Prince would also go on to hire many senior Bush-era
CIA officials to work at Blackwater. In July 2007 Buzzy
Krongard joined the company's board; Prince offered him
a $3,500 honorarium per meeting attended plus all
expenses paid. "Your experience and insight would be
ideal to help our team determine where we are and where
we are going," Prince wrote in a letter to Krongard.

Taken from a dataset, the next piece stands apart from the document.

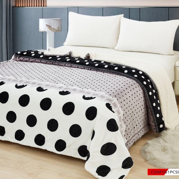 Pătură Luxoasă Cocolino din Microfibră Ultra-Moale, cu Blăniță Sherpa, 200x230 cm - Confort Maxim și Design Elegant pentru Nopți Perfecte, Alb, Negru, Buline, JOJO Home, cod produs: SDP-PB15

At
the time his brother, Howard "Cookie" Krongard, was the
State Department inspector general responsible for
overseeing Blackwater's work for the State Department.
In September 2007 California Democratic Representative
Henry Waxman accused Cookie Krongard of impeding a
Justice Department investigation into Blackwater over
allegations the company was illegally smuggling weapons
into Iraq.
Prince hired several other former CIA officials to run
what amounted to his own private CIA. Most notable
among these was J. Cofer Black, who was running the
CIA's counterterrorism operations and leading the hunt
for Osama bin Laden when Blackwater was initially hired
by the CIA in 2002. Black left the government in 2005
and took a job at Blackwater running Prince's private
intelligence company, Total Intelligence Solutions.

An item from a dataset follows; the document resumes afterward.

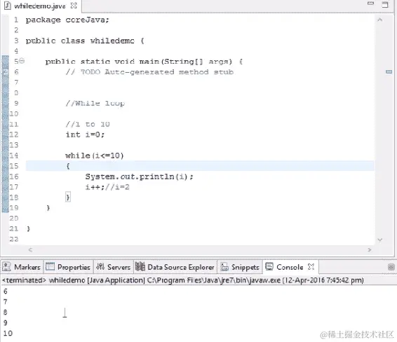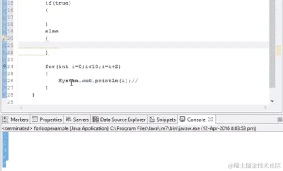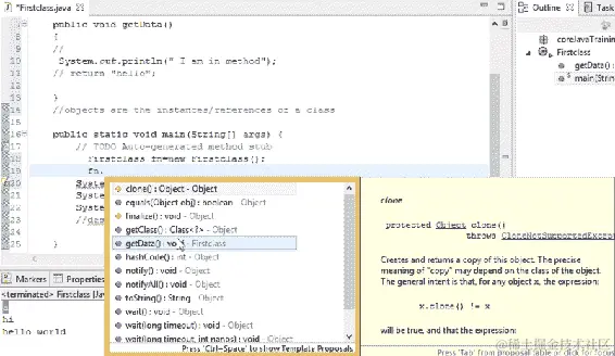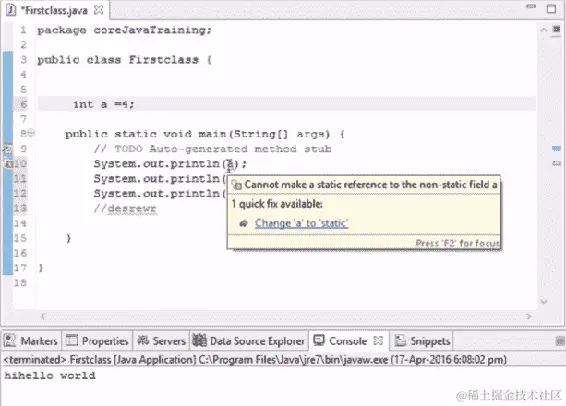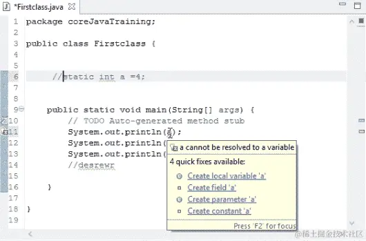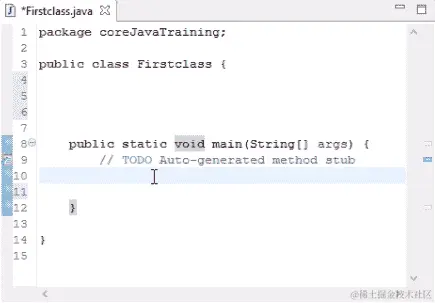 我们可以看到内置的层次结构已经为我们创建好了,因为 Eclipse 创建了一个外部模板。我们可以在编辑器中看到一个类和public static void main已经存在。所有这些都是由 Eclipse 工具创建的。如果我们在记事本上正常写作而不使用任何工具,我们需要创建模板。但是在 Eclipse 中,我们只需要给出类名。我们将要输入的代码将被封装在类中;也就是说,在类的括号内。我们在创建文件时使用的任何名称都将成为类名。

While at the CIA, Black ran the "extraordinary
rendition" program and coordinated the CIA "Jawbreaker"
team sent into Afghanistan to kill or capture bin Laden
and senior Al Qaeda leaders. In the days immediately
after 9/11, he told Bush that his men would aim to kill
Al Qaeda operatives. "When we're through with them,
they will have flies walking across their eyeballs,"
Black promised Bush. When Black told Bush the operation
would not be bloodless, the president reportedly said,
"Let's go. That's war. That's what we're here to win."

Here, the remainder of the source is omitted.